◆ YOUR GOAL: With the pictures left out, please write out exactly each line from the one containing "Falcon 2000S LX-MIC" through the end of the material.

BEGIN GIVEN INFORMATION

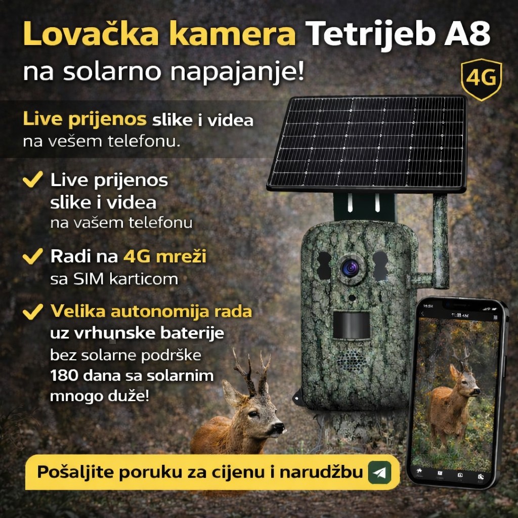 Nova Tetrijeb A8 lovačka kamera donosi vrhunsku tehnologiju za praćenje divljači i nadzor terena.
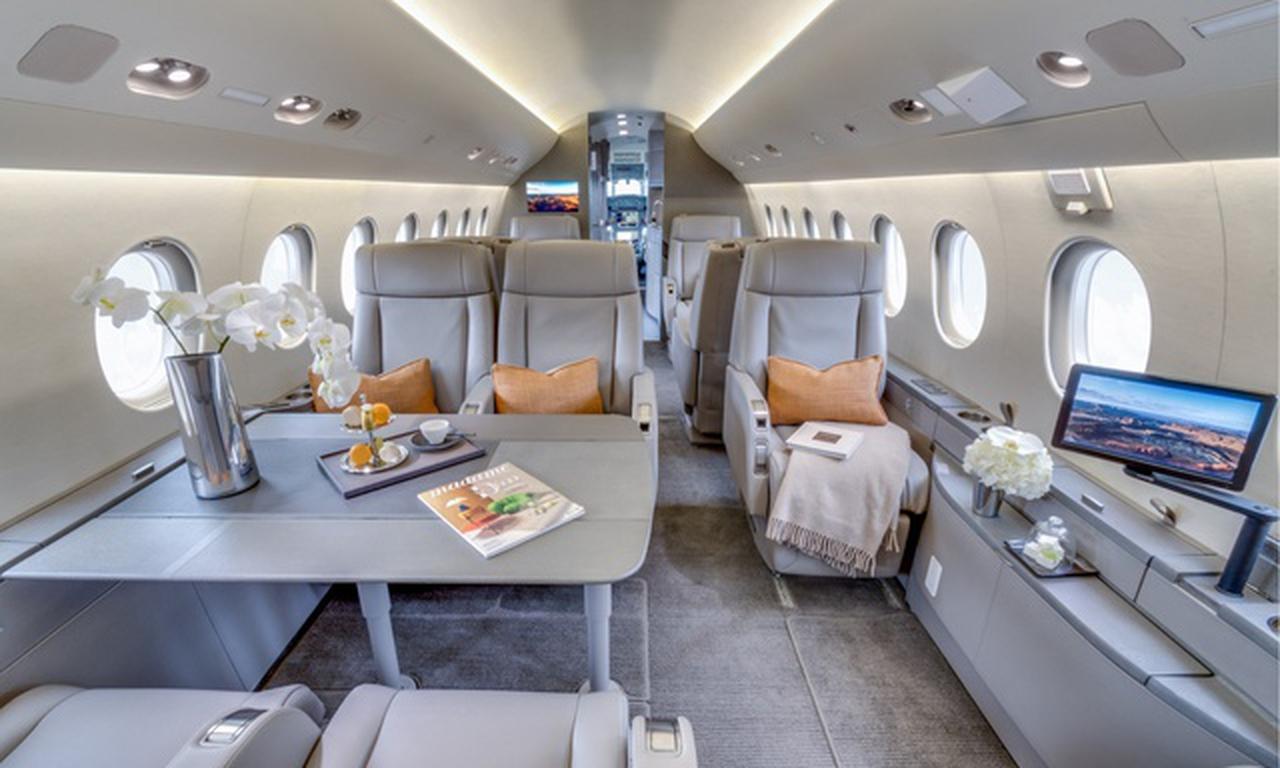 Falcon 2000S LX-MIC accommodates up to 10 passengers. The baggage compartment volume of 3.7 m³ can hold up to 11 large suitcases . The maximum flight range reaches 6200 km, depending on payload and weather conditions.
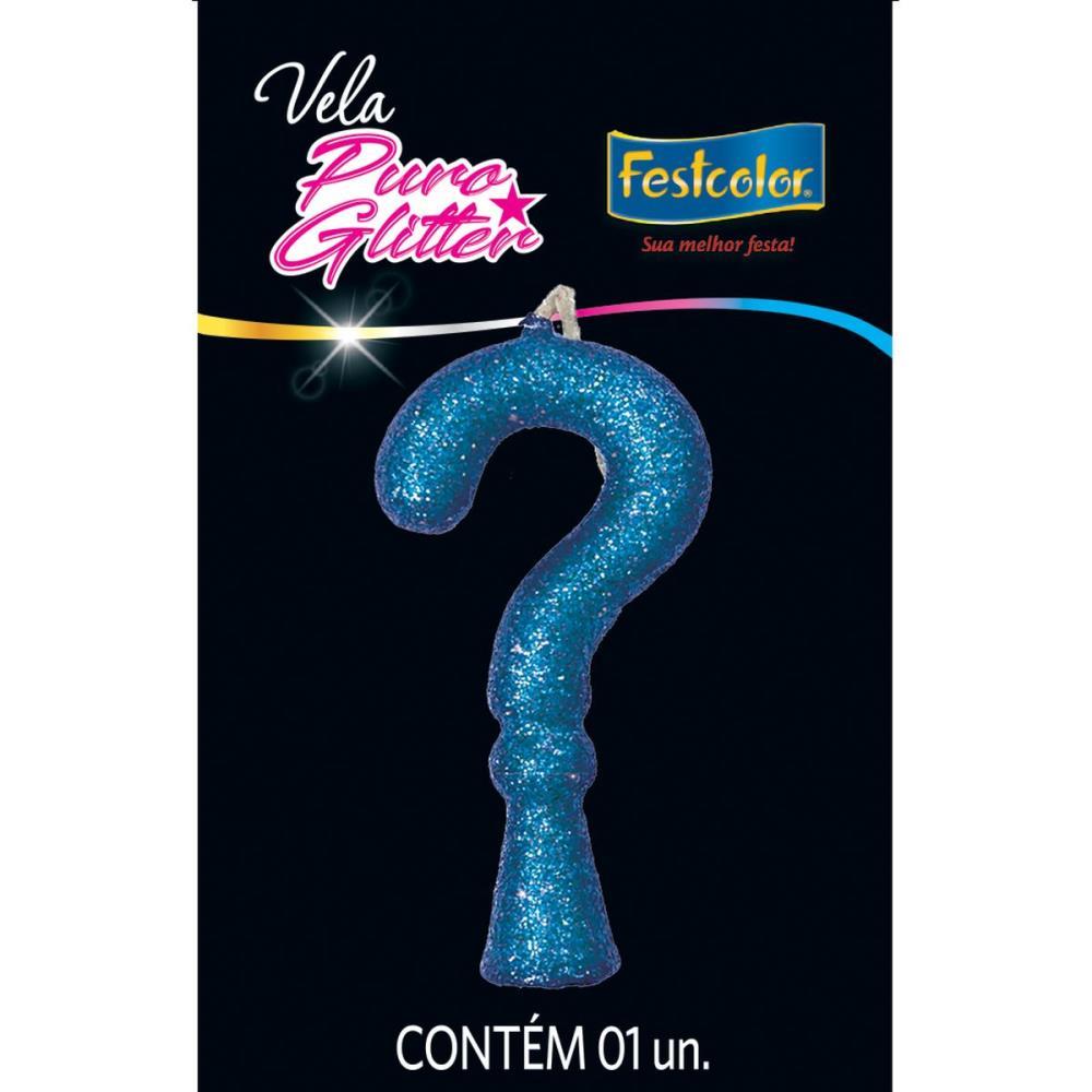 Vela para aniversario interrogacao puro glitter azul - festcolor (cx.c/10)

END GIVEN INFORMATION

◆ RESPONSE:
 Falcon 2000S LX-MIC accommodates up to 10 passengers. The baggage compartment volume of 3.7 m³ can hold up to 11 large suitcases . The maximum flight range reaches 6200 km, depending on payload and weather conditions.
 Vela para aniversario interrogacao puro glitter azul - festcolor (cx.c/10)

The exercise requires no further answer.